* TO DO *
Within the entries below, output exactly the lines between the line containing "Plus Size Flowers" and the line containing "Blueprint of the", inclusive, and omit any picture.

* Records excerpted from a collection *
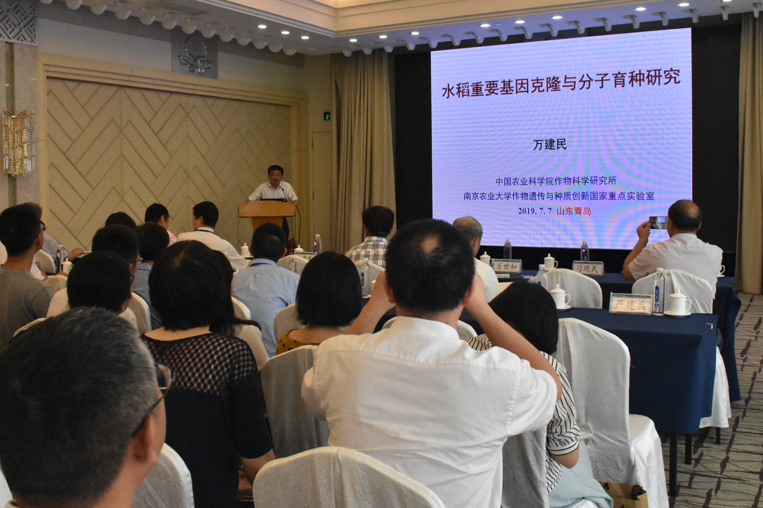 张爱民详细介绍了小麦全基因组研究,肖世和系统讲解了我国小麦产业技术现状并作出展望,孔令让则对长穗偃麦草基因组进行了解析并解读了重要基因的克隆与应用;马峙英就多抗优质高产棉花育种基础研究与应用做了精彩的报告,他细致的讲解了优异种质的筛选,育种技术的创新与应用以及多抗优质高产新品种的选育。徐云碧就作物大数据与人工智能育种进行了专题报告,就什么是大数据、大数据如何促进育种发展等问题进行解读,呼吁行业更加关注大数据在农业生物领域的发展与应用。刘学锋细致解读了大数据分析在生物科学方面的应用;对于基因组测序,Sachiko Isobe在报告中明确植物基因组测序的途径,严建兵则从植物单细胞入手,系统介绍植物单细胞测序的目的、进展、应用,闵家祥更为深入地讲解了选择性剪切在植物育种中的应用。巩志忠报告了ABA信号传递和植物抗旱相关内容,就研究植物抗旱背景、ABA抗旱机制等做了系统的阐述。赖锦盛讲述了玉米基因组学和分子育种内容,张洪霞则介绍了细胞壁蔗糖转化酶GIF1在提高玉米产量和品质中的功能研究。张新友、万建民、韩天富教授、李英慧、马代夫、金黎平、刁现民围绕花生、水稻、大豆、甘薯、马铃薯、谷子作物,报告了花生基因组与分子育种研究进展、水稻分子设计育种、大豆光温生态适应性及其生物学基础、大豆抗胞囊线虫优异基因资源发掘与创新利用、甘薯品种改良与生物技术、马铃薯遗传育种、谷子资源的群体结构分析和育种利用等研究进展,向与会人员展示最新研究成果。
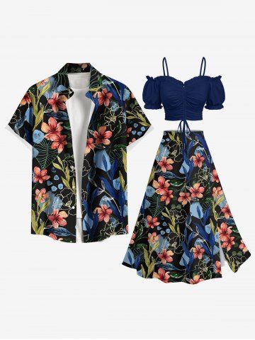 Plus Size Flowers Leaf Print Split Hawaii Skirt - Black - 2x
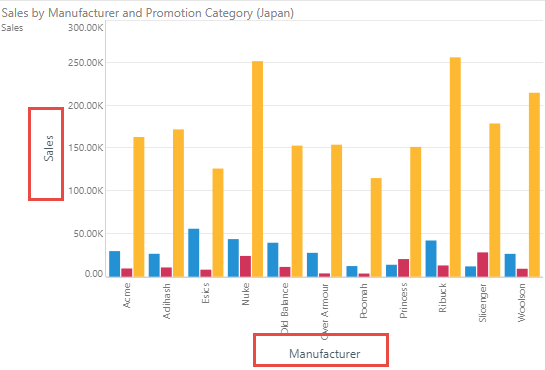 - Direction: (Only supported for the x-axis) Display the x-axis labels horizontally, vertically, or at a 45 degree angle. Choose Auto to let Pyramid display the labels in the most suitable way for the size of the chart.
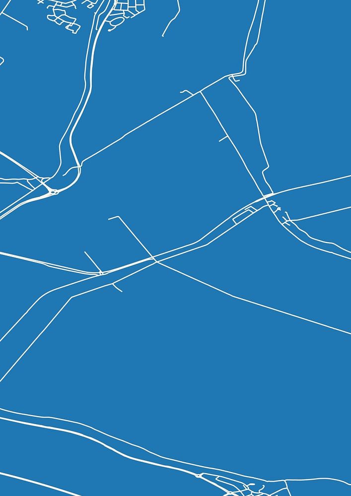 Blueprint of the map / map of the Dutch town Aarlanderveen, located in municipality Alphen aan den Rijn, province of South Holland. The map contains all public roads and the coordinates of the center of Aarlanderveen.
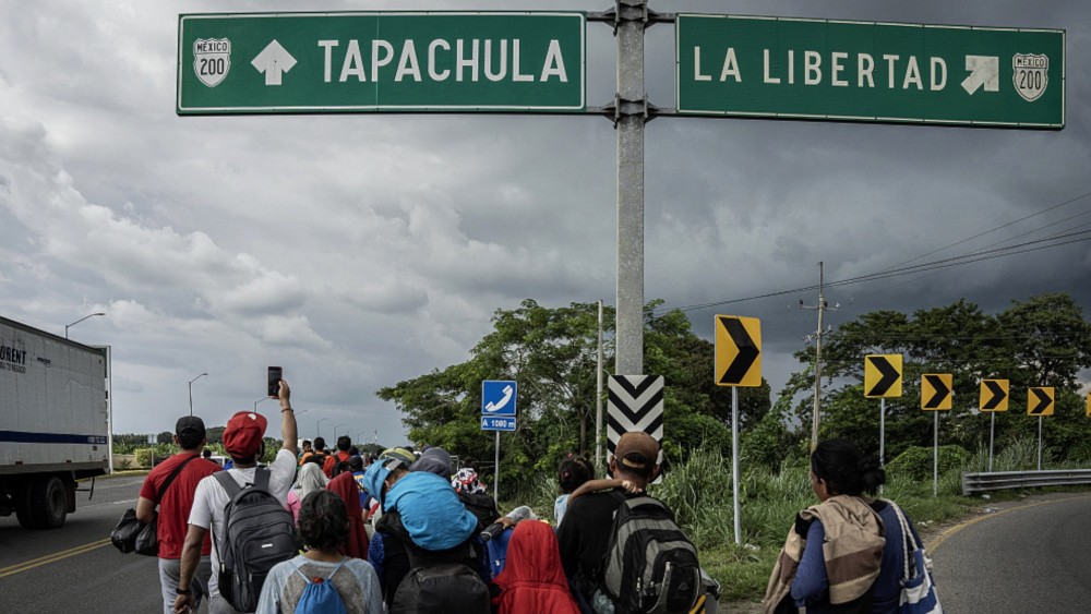 A large migrant caravan comprising about 5,000 migrants from Central America and Venezuela left southern Mexico for the U.S. Officials in the southern state of Chiapas said some 3,500 people set off on foot from the city of Tapachula near the Guatemalan border.

* RESPONSE FOR THIS EXERCISE *
 Plus Size Flowers Leaf Print Split Hawaii Skirt - Black - 2x
 - Direction: (Only supported for the x-axis) Display the x-axis labels horizontally, vertically, or at a 45 degree angle. Choose Auto to let Pyramid display the labels in the most suitable way for the size of the chart.
 Blueprint of the map / map of the Dutch town Aarlanderveen, located in municipality Alphen aan den Rijn, province of South Holland. The map contains all public roads and the coordinates of the center of Aarlanderveen.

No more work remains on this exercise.